Why does time slow down as you approach C?

  1. Sep 23, 2011 #1
    I was talking with my friend and the best answer i could come up with is "It does." But, i could not explain why. Could you guys help me out?


  2. jcsd
  3. Sep 23, 2011 #2


    User Avatar
    Science Advisor

  4. Sep 23, 2011 #3
    On a more simplistic level, you are experiencing time at your own rate. If you traveled above c ( currently thought to be impossible, sans new CERN reports in the news about neutrinos ) everything else in the universe would be standing still relative to you. Time is never truly at a fixed rate of passage for anything, it's completely dependant on your velocity relative to everything else.

    At least that's how I'll look at it until shown to be incorrect.:uhh:
  5. Sep 23, 2011 #4
    because the speed of light could not be a constant if time was the same for everyone in all frames of reference.

    but c is a constant therefore time must be different in inertial frames at different speeds.
  6. Sep 23, 2011 #5


    User Avatar
    Gold Member

    WHOA HERE ... unless I have this totally wrong, time does NOT slow down for you when you get near the speed of light. It APPEARS to other inertial frames of reference to have slowed down but to YOU it doesn't seem to slow down at all. To you it seems like things in the OTHER frames of reference have slowed down (and of course, they would disagree).
  7. Sep 23, 2011 #6


    User Avatar
    Gold Member


    Also, the explanation to 'why' is pretty complicated and can't be summed up in 1 line. Experimentally it has been shown that the speed of light for any observer moving at any velocity relative to anything else will be constant.

    The question relates to how one measures distance and velocities and times. For example, if an observer at rest sees a train moving 100mph to the right and another observer is driving by the train going 60mph, the person in the car will only measure the train going at 40mph. So typically, observers measure objects traveling at different speeds depending on their own velocities. Experimentally, however, it has been shown that the speed of light is measured as the same velocity for all observers, regardless of their velocity!

    Since any velocity measurement is simply a change in distance during some change in time, for two observers to measure something at the same velocity yet the observers themselves are moving at different velocities during those measurements, something has to be different with how they measure time and distance. The details of that, given correctly by the Lorentz transformations, tell us that people will measure time changing differently and specifically, the observer moving relative to the guy initially at rest will experience a slower time change.
  8. Sep 23, 2011 #7
    I was listening recently to an audio book by Brian Greene 'the fabric of the cosmos' and he used a very simple analogy concerning spacetime. If you travel north east, then it would take you longer to get to a line that was north of your starting point than if you simply travelled north, because some of the distance component has been transferred to the easterly direction.

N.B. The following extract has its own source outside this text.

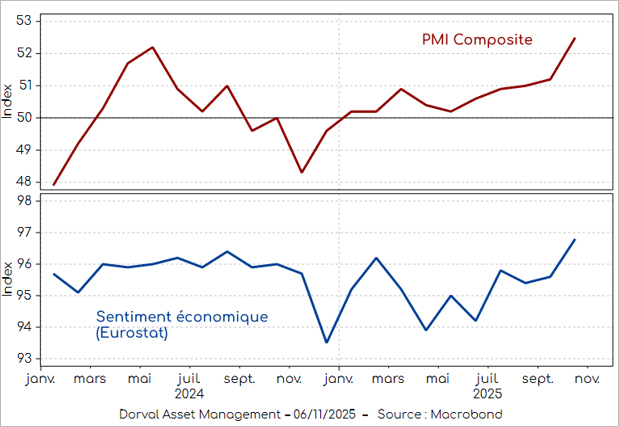 В свой анализ за fibee.fr Франсоа-Ксавие Шоша наблюдава ясно възстановяване на бизнес климата в Европа през октомври: индексът на икономическите настроения* достига 30-месечен връх, а индексът на производствената активност (PMI)** се повишава до 52,5. Спадът на темпа на инфлацията, намаляването на нарежението в китайско-американското търговски отношения и стабилизирането на еврото допринасят за това подобрение, но основната причина остава вътрешното търсене.

    Similarly seeing as space and time are two aspects of the one spacetime, then if you are not moving time is going as fast as it can. But once you start moving in space then the time component slows down because some of the time component of spacetime is being used up by travelling through space.

    So if you travel at the speed of light then you are travelling through space as fast as you can so you are using all the time component of your spacetime motion on travelling through space. Therefore time stands still.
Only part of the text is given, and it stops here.